TASK TO CARRY OUT: Restate exactly the lines of the entries below, beginning with the first and ending with the line that holds "Smiling happy Caucasian". Pictures are not copied.

DATA FOR THIS EXERCISE:

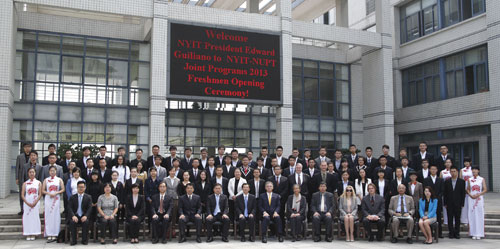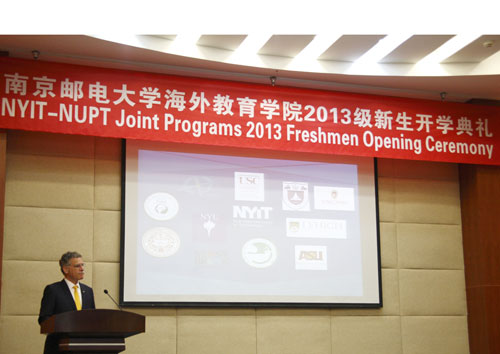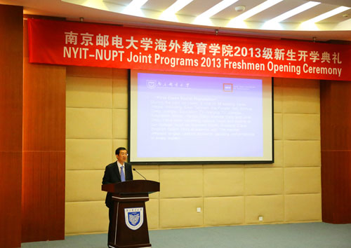10月9日上午,海外教育学院2013级新生开学典礼在行政楼报告厅隆重举行。出席典礼的领导和嘉宾有南京邮电大学校长杨震教授、纽约理工学院校长Edward Guiliano博士、南京邮电大学副校长蒋国平教授、江苏省教育厅国际合作与交流处副处长俞晓南、NYIT-NUPT美方院长Monique Taylor、美方副院长Keh Kwek、海外教育学院党委书记丁静、副院长胡碧媛、党委副书记钟凯等。参加本次开学典礼的还有海外教育学院中美方教师和2013级全体新生。典礼由海外教育学院院长宗平教授主持。
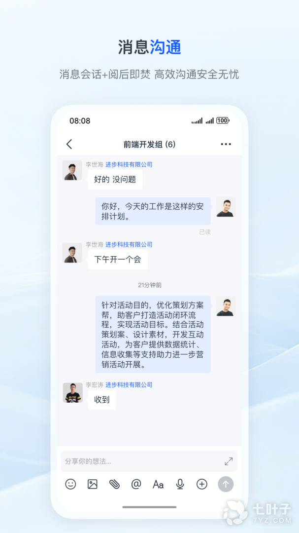 3、群聊天、群任务、群文件,强大的群组协作,拒绝低效。
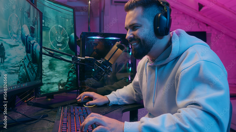 Smiling happy Caucasian addicted male gamer guy man streamer play at computer internet virtual gaming at home web battle online playing video game at dark evening with microphone and headset laughing
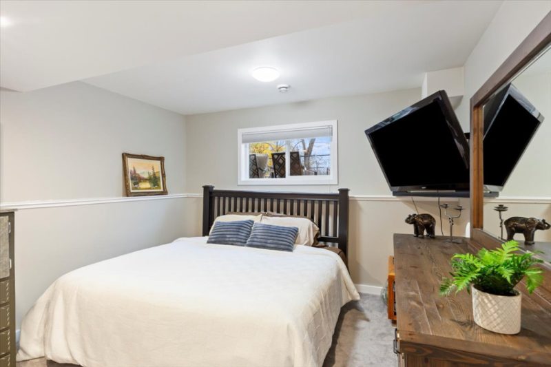 Looking for a well maintained home with upgrades? Look no further! This lovely 4 bedroom home is sure to please! The main floor features luxury hardwood floors and vaulted ceiling throughout. The white kitchen has upgraded quartz countertops and backsplash for a sleek look. There are 2 bedrooms on the main floor, with the ensuite featuring a walk in shower. Moving downstairs, there is a kitchenette, rec room, 2 additional bedrooms, laundry and 3 piece bath with shower. This is a great space to host a movie night, or for elderly parents / adult kids to enjoy. Heated garage. A/C. Acrylic stucco. Moving outside, note the paved drive, beautifully landscaped yard with firepit area, dog run, garden boxes with water taps plumbed in, oversized shed and deck with pergola! This home is on the edge of Grunthal, so enjoy the view of no backyard neighbours! Main upgrades over the last 6 years: hardwood floors, some carpet, countertops in kitchen / baths, kitchen appliances, washer/dryer, Cvac, water softener, most blinds, ensuite shower, downstairs shower, garden boxes, front door, t-bar ceiling and LED lighting in the basement rec room. Call to view!
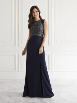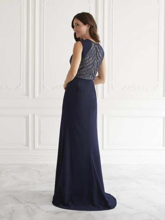 Style 17077 from Christina Wu Elegance is a couture mother?s style of crepe and beaded lace in this sleek gown inspired by vintage glamour. A diagonal contrasting pattern with a jewel neckline and beaded belt waistline provide extra coverage without sacrificing style.
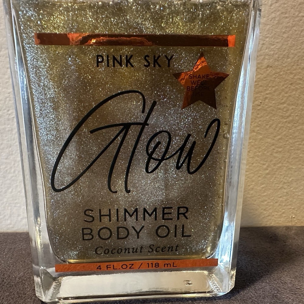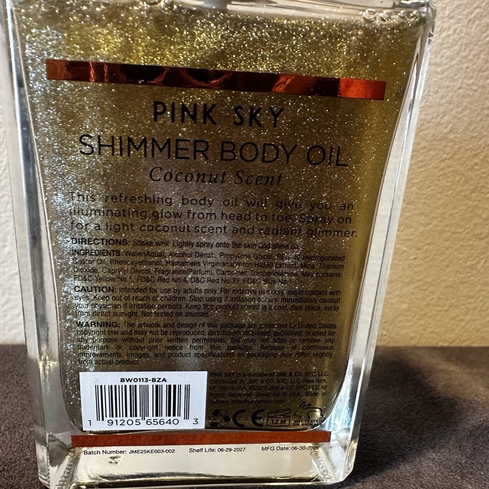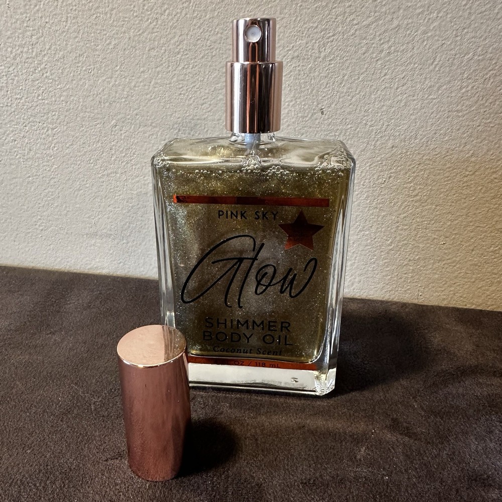 PINK SKY Glow Shimmer Body Oil Mist Light Coconut Scent Spray Glass 4 Fl Oz.
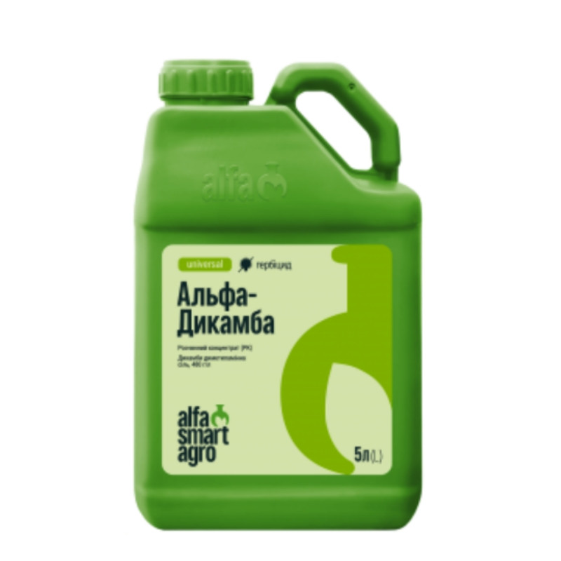 Альфа-Дикамба - это системный селективный гербицид послевсходового действия. Предназначен для борьбы против однолетних и многолетних двудольных сорняков, в том числе устойчивых к 2,4-Д и МЦПА.
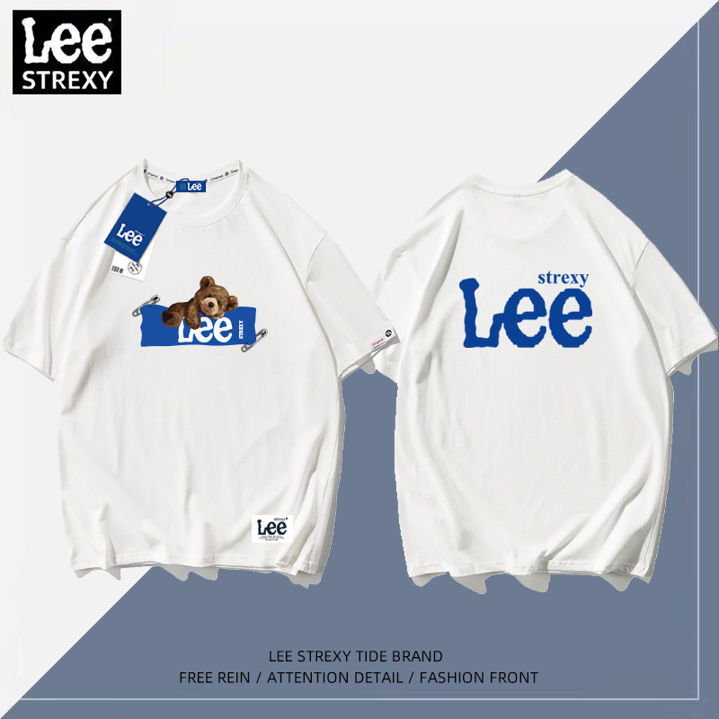 Lee strexy tide brand co-brand bear short sleeve t-shirt men's and women's couples 2022 summer cotton t-shirt
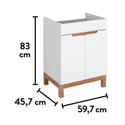 83 cm x 59,7 cm x 45,7 cm (Ma x Sz x Mé) méreteinek köszönhetően sok tárolóhelyet biztosít a mosdó alatti szekrény. A Soft-Close-funkciós ajtók mögött rendezetten tárolhatod a fürdőszobai tartozékokat. A fürdőszobai szekrény önállóan összeszerelhető: Gyorsan és egyszerűen összeszerelheted és azonnal használhatod.
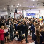 О 12:00 в холі головного корпусу КНУКіМ ніде було пройти. Групи людей переміщались від столу до столу, купуючи різну продукцію, яку організатори підготували до благодійної ярмарки. На виставкових столах розташували вироби hand – made, прикраси, деталі інтер’єру, книжки та різні смаколики: випічку, кекси, чебуреки, пиріжки, торти, шарлотку і т.п.
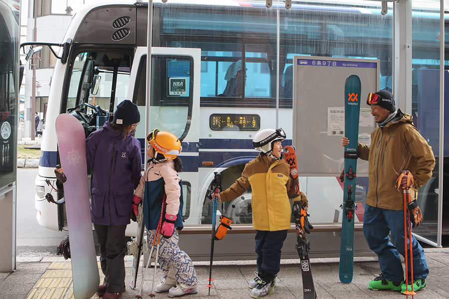 普段バスに乗る機会の少ない古瀬ファミリー、スキーブーツでバスに乗るという日常にはないシチュエーションを味わっています。
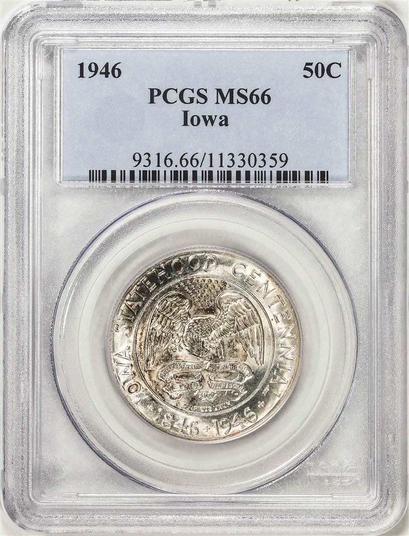 One 1946 Iowa Centennial Commemorative Half Dollar Coin PCGS MS66. PCGS Graded.
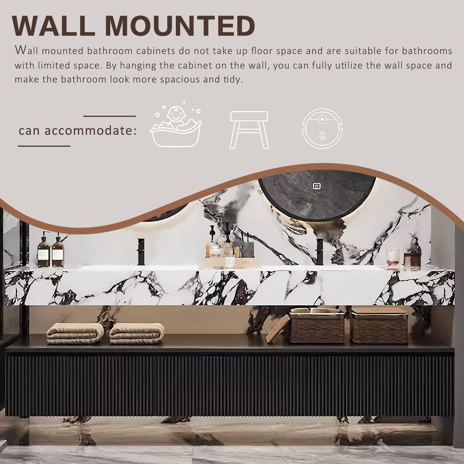 Striped Design Bathroom Vanity: Embrace the glamor of modern elegance with our collection of wavy stripe bathroom vanities. Featuring a stylish black embossed striped wave design, our vanity embodies a seamless blend of style and function. Paired with chic slate countertops with a marble vein pattern, this set exudes a modern sophistication that's perfect for a modern home.

SOLUTION FOR THIS TASK:
10月9日上午,海外教育学院2013级新生开学典礼在行政楼报告厅隆重举行。出席典礼的领导和嘉宾有南京邮电大学校长杨震教授、纽约理工学院校长Edward Guiliano博士、南京邮电大学副校长蒋国平教授、江苏省教育厅国际合作与交流处副处长俞晓南、NYIT-NUPT美方院长Monique Taylor、美方副院长Keh Kwek、海外教育学院党委书记丁静、副院长胡碧媛、党委副书记钟凯等。参加本次开学典礼的还有海外教育学院中美方教师和2013级全体新生。典礼由海外教育学院院长宗平教授主持。
 3、群聊天、群任务、群文件,强大的群组协作,拒绝低效。
 Smiling happy Caucasian addicted male gamer guy man streamer play at computer internet virtual gaming at home web battle online playing video game at dark evening with microphone and headset laughing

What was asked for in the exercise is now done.